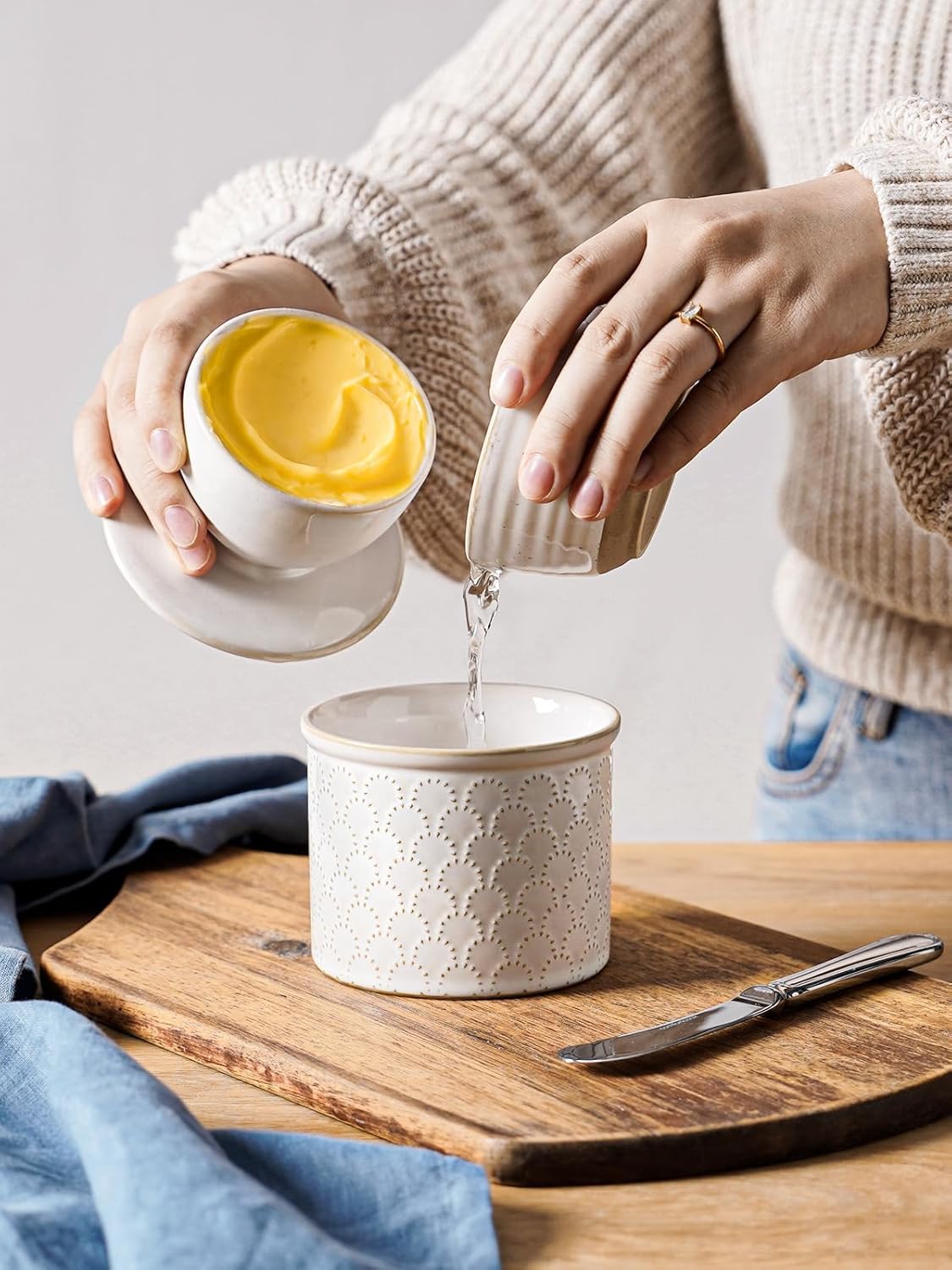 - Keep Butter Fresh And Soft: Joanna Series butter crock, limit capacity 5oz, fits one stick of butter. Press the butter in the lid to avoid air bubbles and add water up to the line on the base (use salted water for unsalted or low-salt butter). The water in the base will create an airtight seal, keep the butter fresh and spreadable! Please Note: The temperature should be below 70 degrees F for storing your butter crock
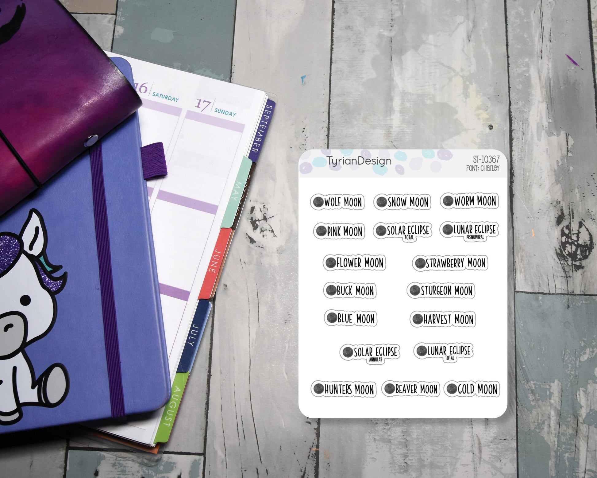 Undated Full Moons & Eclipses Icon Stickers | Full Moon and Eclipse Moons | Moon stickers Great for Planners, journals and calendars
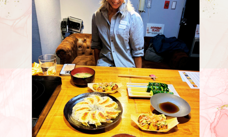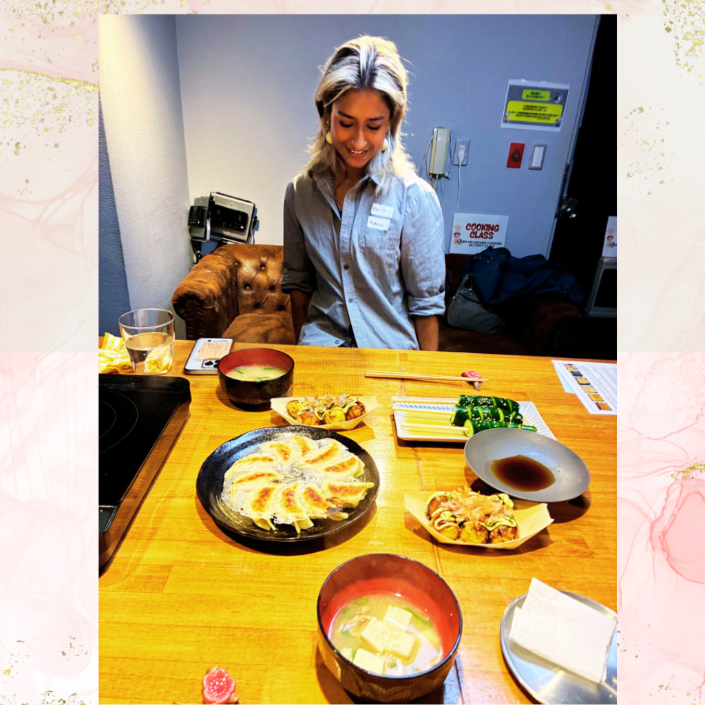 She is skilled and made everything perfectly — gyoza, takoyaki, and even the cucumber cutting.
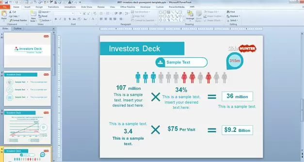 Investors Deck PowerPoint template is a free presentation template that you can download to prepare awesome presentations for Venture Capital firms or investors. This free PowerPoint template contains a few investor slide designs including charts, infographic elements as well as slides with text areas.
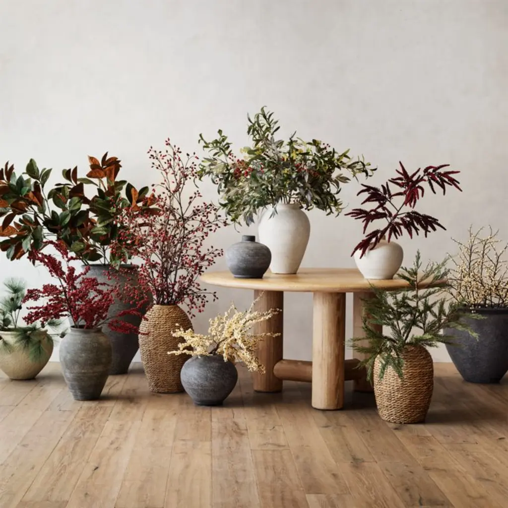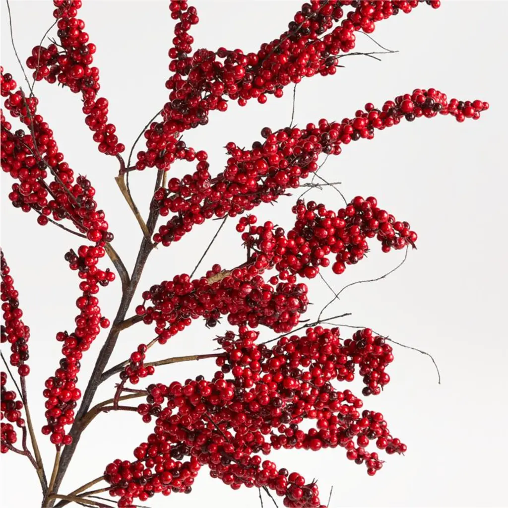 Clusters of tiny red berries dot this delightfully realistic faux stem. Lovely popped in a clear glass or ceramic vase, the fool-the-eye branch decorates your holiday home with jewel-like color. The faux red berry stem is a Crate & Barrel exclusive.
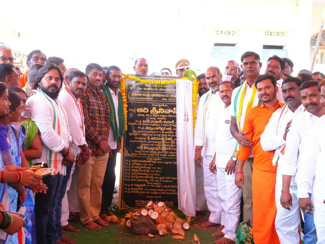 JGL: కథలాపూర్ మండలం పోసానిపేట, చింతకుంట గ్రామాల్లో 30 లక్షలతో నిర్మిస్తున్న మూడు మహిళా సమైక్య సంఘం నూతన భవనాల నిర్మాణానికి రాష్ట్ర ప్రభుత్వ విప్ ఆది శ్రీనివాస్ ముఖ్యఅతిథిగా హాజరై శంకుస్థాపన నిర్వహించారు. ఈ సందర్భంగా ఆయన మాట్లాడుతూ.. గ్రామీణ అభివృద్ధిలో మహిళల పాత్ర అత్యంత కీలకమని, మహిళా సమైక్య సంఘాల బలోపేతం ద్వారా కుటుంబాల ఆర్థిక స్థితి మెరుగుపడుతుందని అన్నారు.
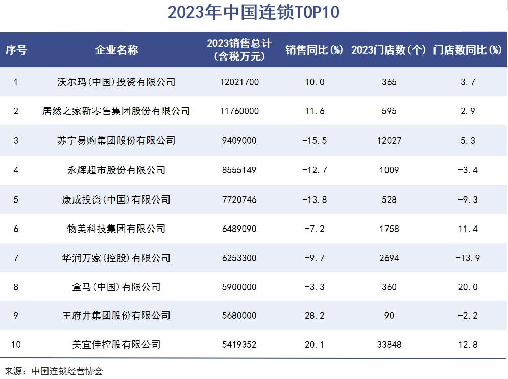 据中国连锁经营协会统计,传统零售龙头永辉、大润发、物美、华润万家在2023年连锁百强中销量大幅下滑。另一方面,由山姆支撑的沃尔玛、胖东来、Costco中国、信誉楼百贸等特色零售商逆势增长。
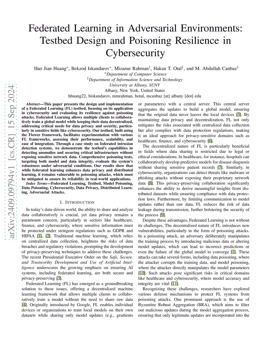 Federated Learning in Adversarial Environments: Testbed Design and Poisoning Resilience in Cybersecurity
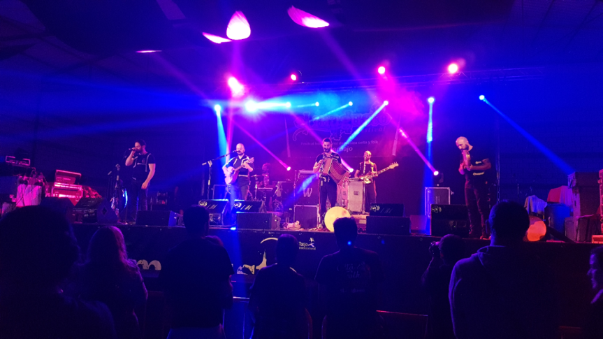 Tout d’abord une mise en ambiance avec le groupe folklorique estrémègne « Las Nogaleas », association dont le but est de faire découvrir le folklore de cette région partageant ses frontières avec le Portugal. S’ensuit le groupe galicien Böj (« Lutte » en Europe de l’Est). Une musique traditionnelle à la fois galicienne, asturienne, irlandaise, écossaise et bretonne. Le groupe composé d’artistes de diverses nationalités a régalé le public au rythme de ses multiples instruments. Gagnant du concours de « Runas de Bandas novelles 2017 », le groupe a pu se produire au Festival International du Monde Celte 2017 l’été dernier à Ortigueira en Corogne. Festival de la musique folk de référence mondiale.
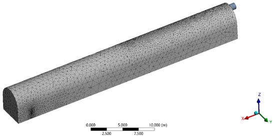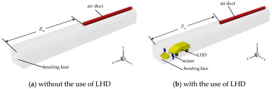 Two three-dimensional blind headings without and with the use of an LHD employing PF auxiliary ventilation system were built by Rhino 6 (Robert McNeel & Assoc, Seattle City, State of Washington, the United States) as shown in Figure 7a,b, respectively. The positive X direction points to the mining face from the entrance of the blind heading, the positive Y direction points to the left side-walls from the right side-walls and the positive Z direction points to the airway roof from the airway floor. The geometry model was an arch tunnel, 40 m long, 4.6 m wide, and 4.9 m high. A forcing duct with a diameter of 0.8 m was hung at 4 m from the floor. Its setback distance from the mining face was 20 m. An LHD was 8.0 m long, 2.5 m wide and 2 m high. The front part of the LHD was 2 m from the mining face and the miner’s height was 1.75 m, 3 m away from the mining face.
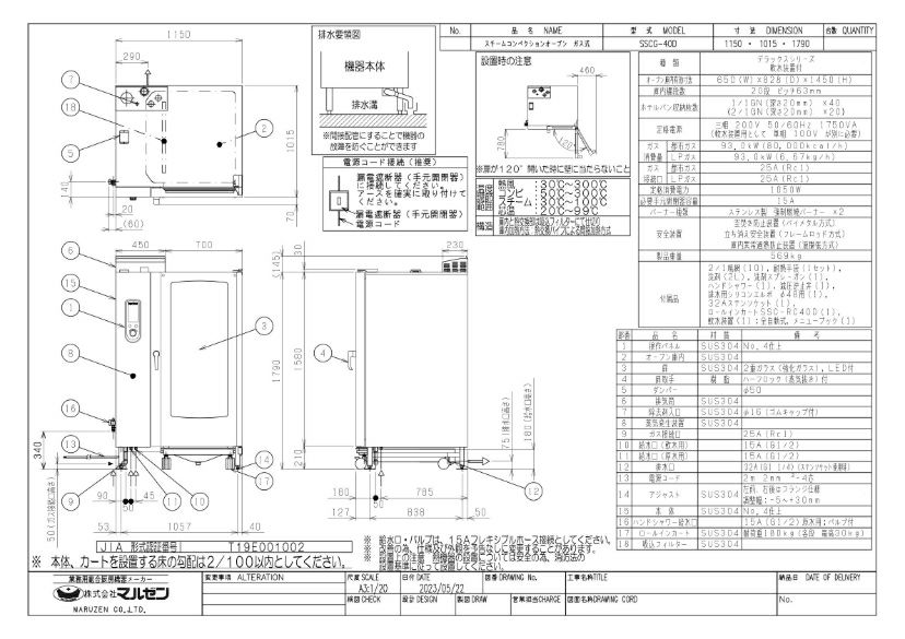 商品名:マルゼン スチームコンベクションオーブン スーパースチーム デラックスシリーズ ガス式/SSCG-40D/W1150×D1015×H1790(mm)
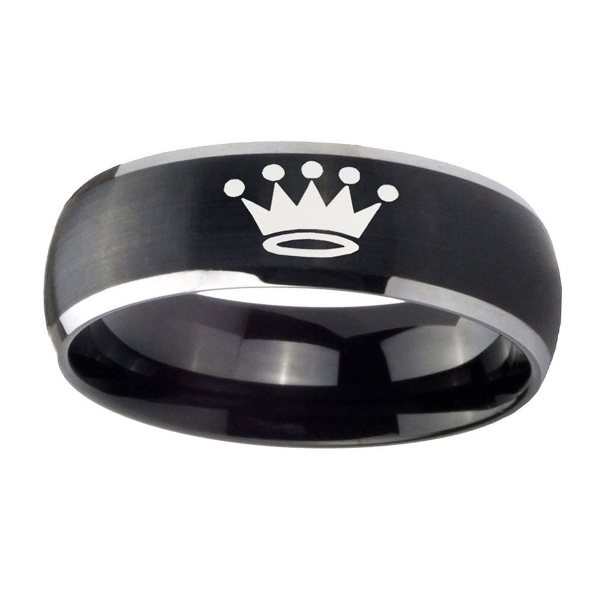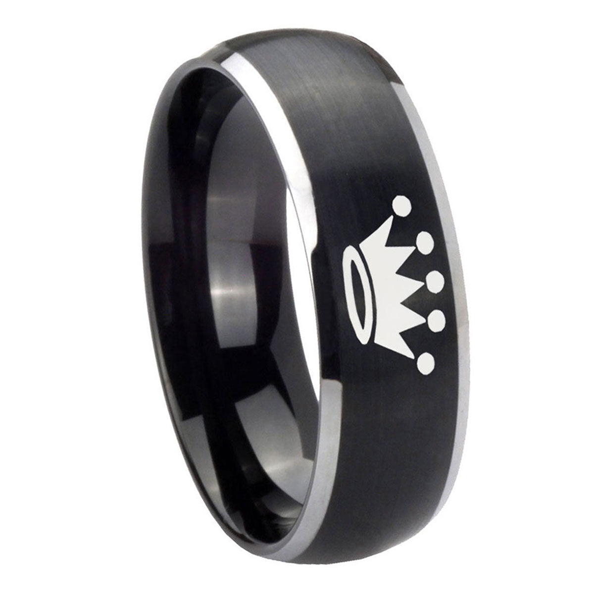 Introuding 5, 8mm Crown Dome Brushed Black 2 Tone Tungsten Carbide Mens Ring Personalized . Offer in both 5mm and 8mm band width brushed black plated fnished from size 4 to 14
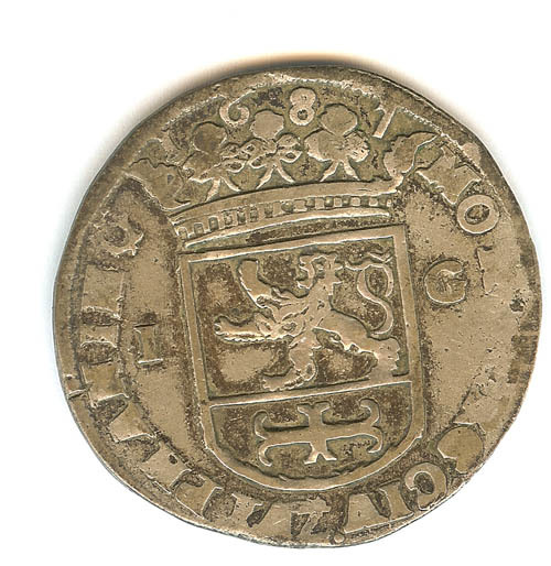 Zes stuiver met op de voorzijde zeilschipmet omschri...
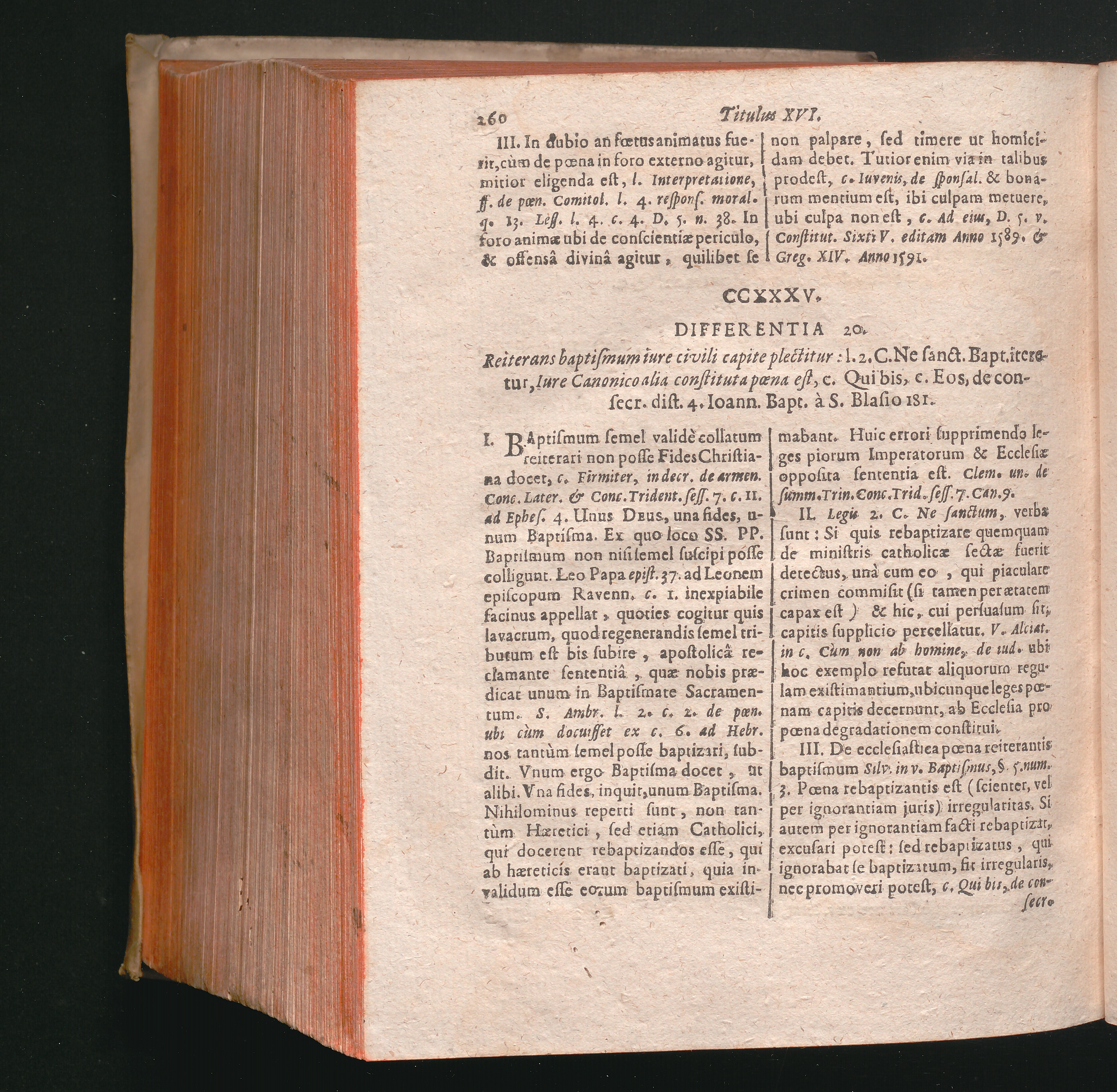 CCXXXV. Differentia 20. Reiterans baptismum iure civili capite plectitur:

########

Work instructions. Every line from the one holding "Introuding 5, 8mm" to the last line of the listing above, inclusive, must appear exactly as written, and no picture may appear.

Answer for the task.
 Introuding 5, 8mm Crown Dome Brushed Black 2 Tone Tungsten Carbide Mens Ring Personalized . Offer in both 5mm and 8mm band width brushed black plated fnished from size 4 to 14
 Zes stuiver met op de voorzijde zeilschipmet omschri...
 CCXXXV. Differentia 20. Reiterans baptismum iure civili capite plectitur:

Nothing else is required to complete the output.